Today was a day of recovery (apparently) from the densist, though I slept OK I still felt worn out most of the day, and my limit of activity was going to the little post office for stamps for my good friend in the States and some milk and eggs. This is Kingsbury, representative of every small suburban way of life since the 1920s I expect. Few horse drawn milkfloats and hearses nowadays, trams and trolleybuses just a distant memory of some, and cars on the road that look like they've been designed by a class of infants. But the small shops, though no longer staffed by local families who have owned them for generations, are still there, and if you walk far enough from the main shopping centres you can still find isolated groups of a few shops where you still don't often have to queue.

Another item of news that improved things a little was the fact I had asembled my new chair back to front. My father came round and we saw an advert for it that made it clear bits were facing the wrong way. I only managed to destroy one of 12 screws while trying to force the parts together, and having been put back the way it was designed seems to both slope in the correct direction, and have a non-advertised tilt mechanism which I still have to get the hang of. But I don't expect to return it now, even though the company called Pell from somewhere in the Fenlands has plastered the word 'leather' all over the literature even though there's more leather on the moon than in the chair.

So, the calm after the storm, like the times there's nothing on TV, is leaving me with many choices and few ideas.
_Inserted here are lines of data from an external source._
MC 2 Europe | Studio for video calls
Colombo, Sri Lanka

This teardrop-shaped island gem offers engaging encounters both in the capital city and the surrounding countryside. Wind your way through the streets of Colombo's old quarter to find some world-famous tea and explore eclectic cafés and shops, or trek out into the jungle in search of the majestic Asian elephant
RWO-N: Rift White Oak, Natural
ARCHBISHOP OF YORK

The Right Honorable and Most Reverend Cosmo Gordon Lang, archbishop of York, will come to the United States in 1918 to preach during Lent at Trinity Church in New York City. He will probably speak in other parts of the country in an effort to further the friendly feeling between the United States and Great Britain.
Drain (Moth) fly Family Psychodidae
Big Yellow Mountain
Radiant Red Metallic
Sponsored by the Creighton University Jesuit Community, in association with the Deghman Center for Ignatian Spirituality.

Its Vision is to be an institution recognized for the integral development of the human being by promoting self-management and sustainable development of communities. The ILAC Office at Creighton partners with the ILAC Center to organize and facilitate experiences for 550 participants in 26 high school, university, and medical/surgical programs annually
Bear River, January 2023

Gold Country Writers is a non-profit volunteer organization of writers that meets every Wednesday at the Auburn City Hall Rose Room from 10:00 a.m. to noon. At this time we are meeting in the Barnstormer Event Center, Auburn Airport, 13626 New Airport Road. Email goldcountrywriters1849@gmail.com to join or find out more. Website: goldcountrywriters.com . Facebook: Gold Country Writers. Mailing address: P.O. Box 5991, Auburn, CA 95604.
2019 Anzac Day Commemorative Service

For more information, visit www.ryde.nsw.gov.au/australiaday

That is normally the time when I meditate, and may well do tomorrow. There aren't many photos left on my list (or free space in my flickr album) though my postal course has slipped way behind and should have some attention this week. Apparently all press contact has to be via the TV company so I can't ring the local paper and ask them if they want an interview (which I have done long ago when I wrote my booklet on counselling). Ten years, and seems like a few weeks ago... It was, I remember, the first time I'd had a photo taken where I couldn't disguise my thinning hair. I haven't been to Harrow for ages, mainly because most of the things they have are available a lot nearer. I had an interview at the local paper office there and a photo taken, and somewhere still have the article. Needless to say a small piece in a few local papers doesn't create fame. TV is the only medium that works, and mainstream at that. I've been studying the field for a while now as intending to use it, and have now built the equivalent of a tiny statue on the panorama of the TV world. One so small and hidden only a chance passing view would spot it, but there nonetheless.
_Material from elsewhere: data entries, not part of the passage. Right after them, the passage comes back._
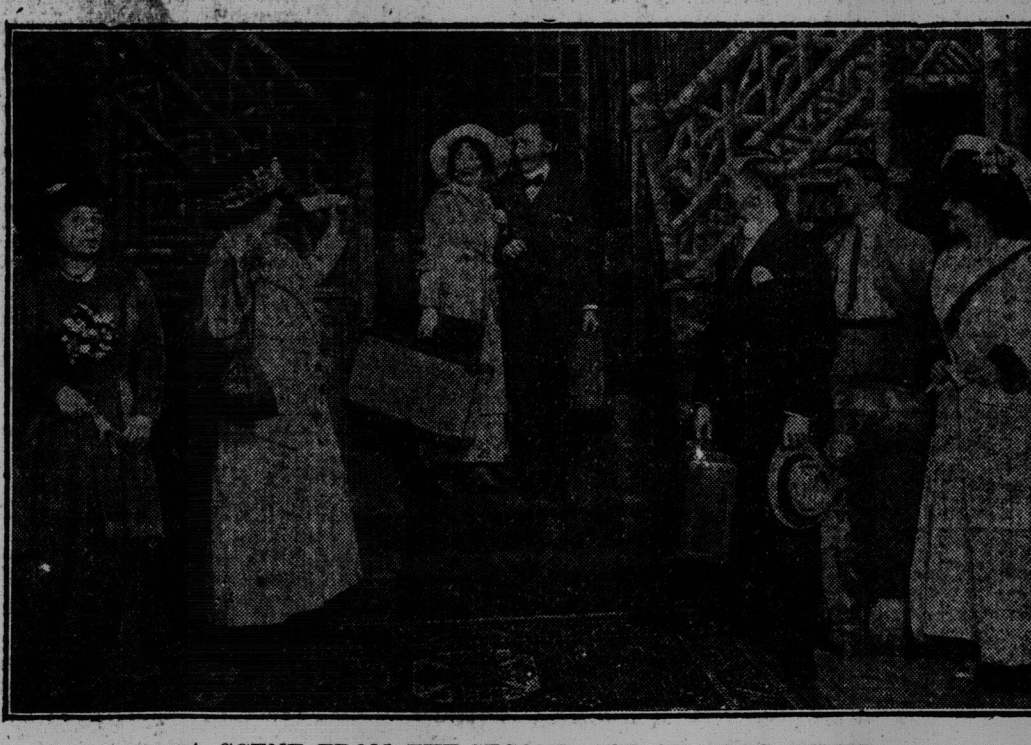
A SCENE FROM THE SECOND ACT OF OVER NIGHT.

There are a few exclusive producing H. Brady, whose productions include such notable successes as Bought and Paid For, Bunty Pulls the Strings, Mother, The Bow, The Man of the Hour, Baby Mine, Way Down East, and sundry other past and present New York hits. It is therefore of more than passing interest to note that one of Mr. Brady's most successful comedy productions, Over Night, will be the attraction at the Opera House starting next Monday, Labor day, matinee and continuing for the week.
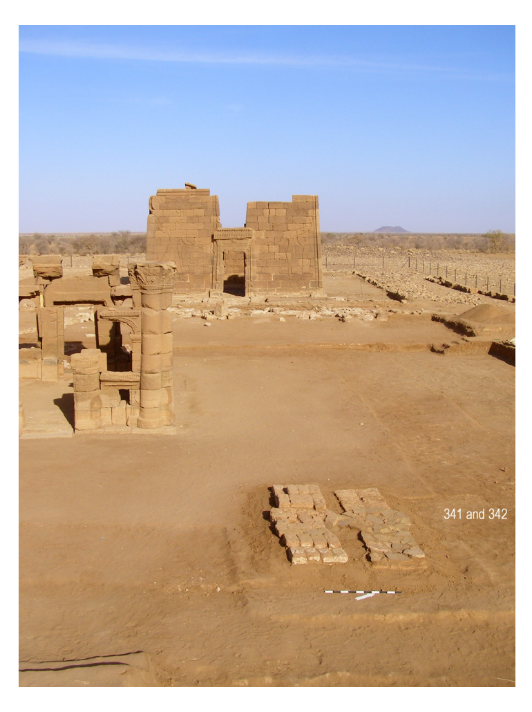
Figure 9. Location of the pedestals nos 341 and 342 on the axis of the Lion Temple 2009.
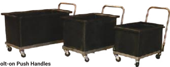
Bolt-on Push Handles
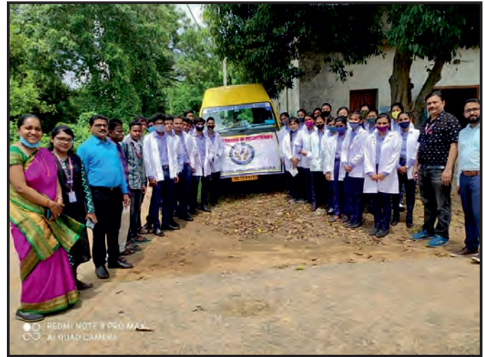
Public Awareness Camp
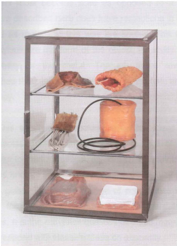
Figure 16: Eva Hesse, Untitled , 1967-68. Mixed media in a glass and metal case. (37.1x26x26cm)
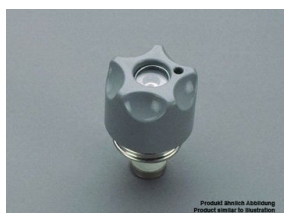
31104 D02 screw cap, plastic, with reducer for D01 400 V, with inspection hole E 18

Next month Tommy Boyd is back every day like the old days at work, he won't be on the radio near me so I'll have to listen online, but I'll keep my regular calls up as always. In a few weeks the garden will start need working on again, and finish a few spots of paint outside the house. I think the person's moved in next door, a typical rich school-leaver (4 by 4 with personal number plate and probably about 22 though I haven't actually seen him yet), and unlikely to have anything in common with me. Well I certainly won't give him my website after those comments... The amount of money his family must have spent on the house (which apart from the kitchen looks identical to me) would be close to what we paid for a house not that long ago. And of course no attempt to introduce himself to me either, a standard feature of London life nowadays.
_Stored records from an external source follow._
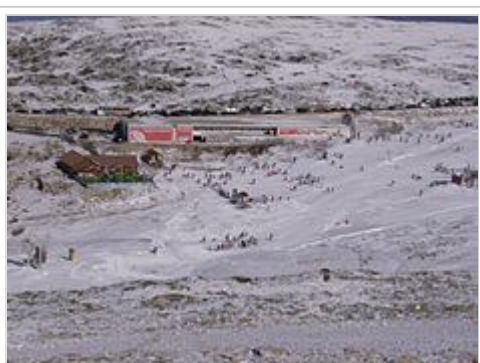
Vodafone Ski Resort, Serra da Estrela, in Loriga.

Textiles are the principal local export; Loriga was a hub the textile and wool industries during the mid-19th century, in addition to being subsistence agriculture responsible for the cultivation of corn. The Loriguense economy is based on metallurgical industries, bread-making, commercial shops, restaurants and agricultural support services.
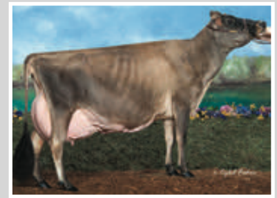
HURONIA CENTURION VERONICA 20J Great-Grandam of Lot 20
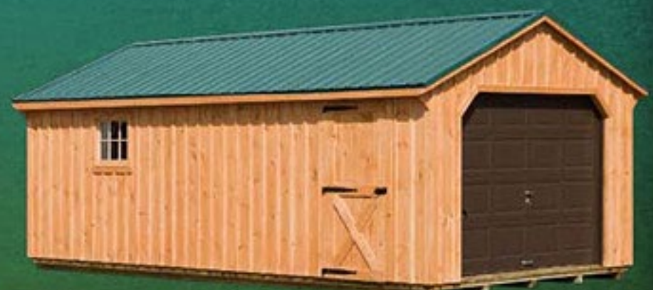
12x24' shown with green metal roof and natural stain
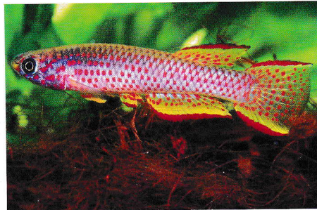
A. schioetzi Ngombi Z91/1

range of schioetzi , starts the distribution of the components of the ogoense superspecies, e.g. A. pyrophore and ottogartneri ).
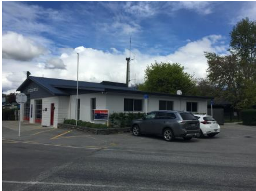
Photo 2: Arrowtown Fire Station (from Wiltshire Street looking south)
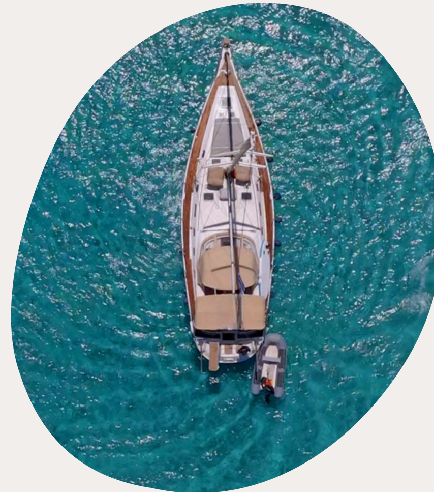
Ocean Star 51.2ft Sailing Yacht
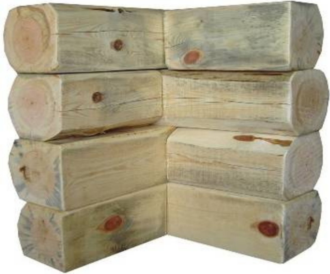
Inside view with wane on the corners
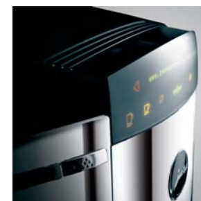
Sensitive Touchscreen Technology®
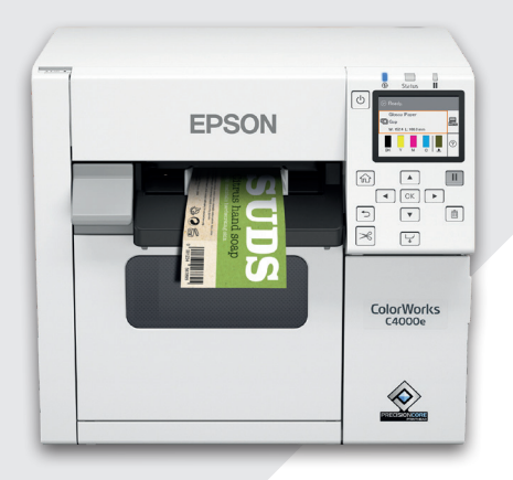
ColorWorks C4000e series
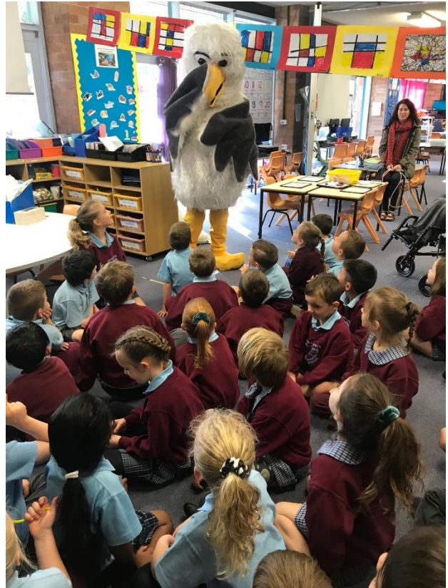
Salty visits the students
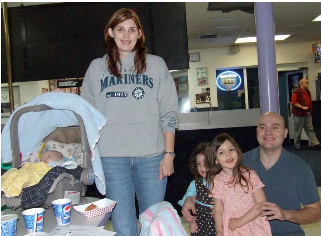
Enjoying Family Fun Night at the bowling alley.
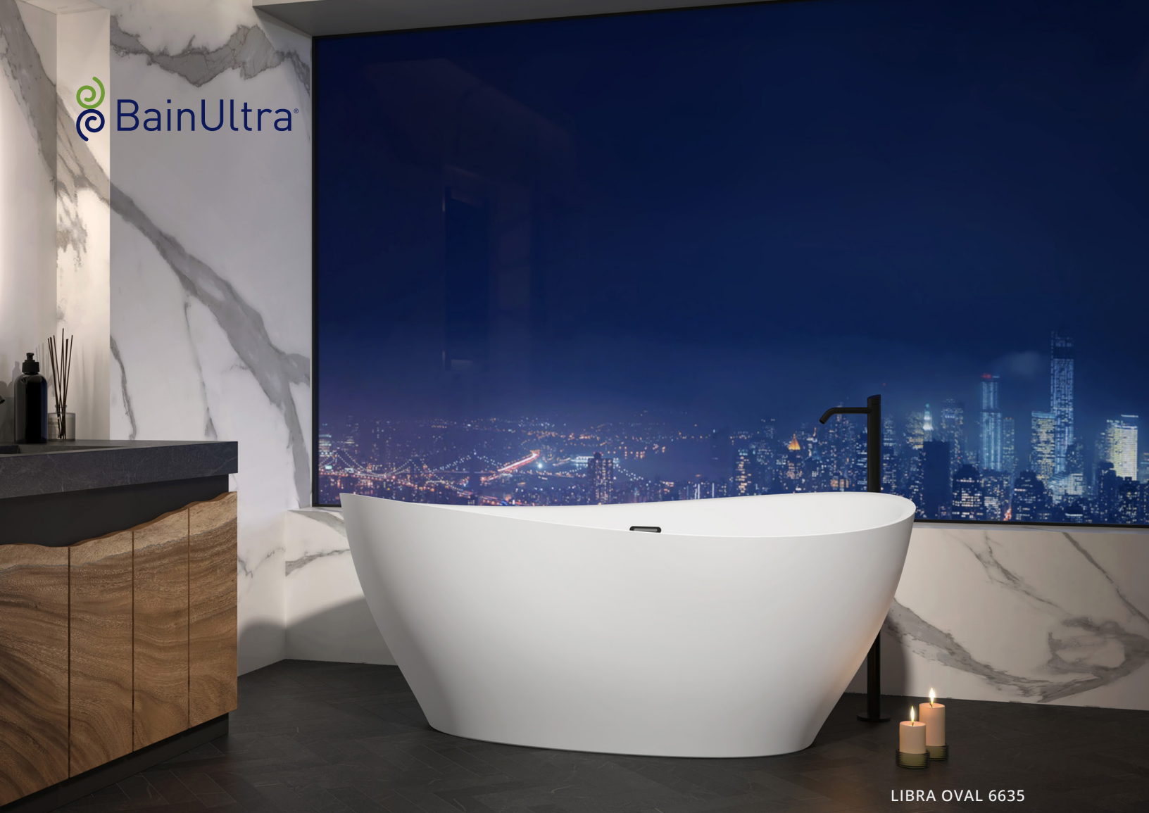
LIBRA OVAL 6635
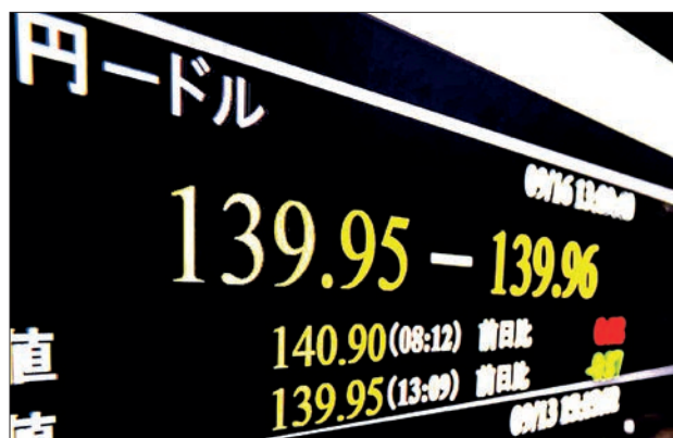
A financial data monitor in Tokyo shows the US dollar trading in the 139 yen level on 16 September 2024. PHOTO: KYODO

Heat Energy Equipment Manufacturing Co Ltd — positioning the factory as a major global production base. — Xinhua

Finally apparently another major psychic let-down is on the horizon. Unless very careless in his reporting, Major Ed Dames has let down the whole research establishment by breaking a major Major's promise (sorry...). "I will be holding the first ever press conference with an alien in February 2006 and will report what happens whatever does". No he won't. I've finally found a way to contact him (which he makes virtually impossible for average users) and to date have had no reply and even had my thread in his forum locked down with no reply by official sources. At least his students can see the sort of operation he seems to be running. I'll be back there by the end of the week if no reply. One by one the claimants fall by the wayside, and Philip Krapf and Mark Hazelwood are two biggies of the last few years. Also Laurence Gardner's white gold powder creating anti gravity effects was blasted out of the water by the laboratory he quoted in an article. Ed Dames was meant to be one of the good guys, but I am discovering more and more data to sideline him off the rails and into the buffers of the next dead end. I hope this week proves me wrong but I think the scent of cattle manure is in the air.

So, a clean slate at last. No aggravation and no pleasure I am aware of, besides the relief of no aggravation which is probably closer to enlightenment than any state I know (as I am happy for no reason). I am going to phone MSN regularly to see if their text watches will be produced here soon (I have had a piece of inside information, but third hand), and have an uphill task to locate an old file since a webpage I was searching has lost most of its search facility. I have no idea where it is but I didn't get rid of it. So, that's the situation as Tuesday passes to Wednesday, I'm not famous yet and have yet to receive any contact from the many aliens who tell me they can talk to us directly via my hypnotic subjects. My grandma added the general opinion on seeing my minute of exposure to say 'was that all?', which she would have said had I had a whole series on BBC if she had found the slightest fault with it. She would see a glass as worthy of returning if not at the pint line, let alone half empty, that's our old Polish/Russian background of cynical poverty, and one hard to shake off after three or four generations in the new country.

1 comment:

Sharon Schoepe said...

Glad you got the chair figured out. Hope things keep looking up for you.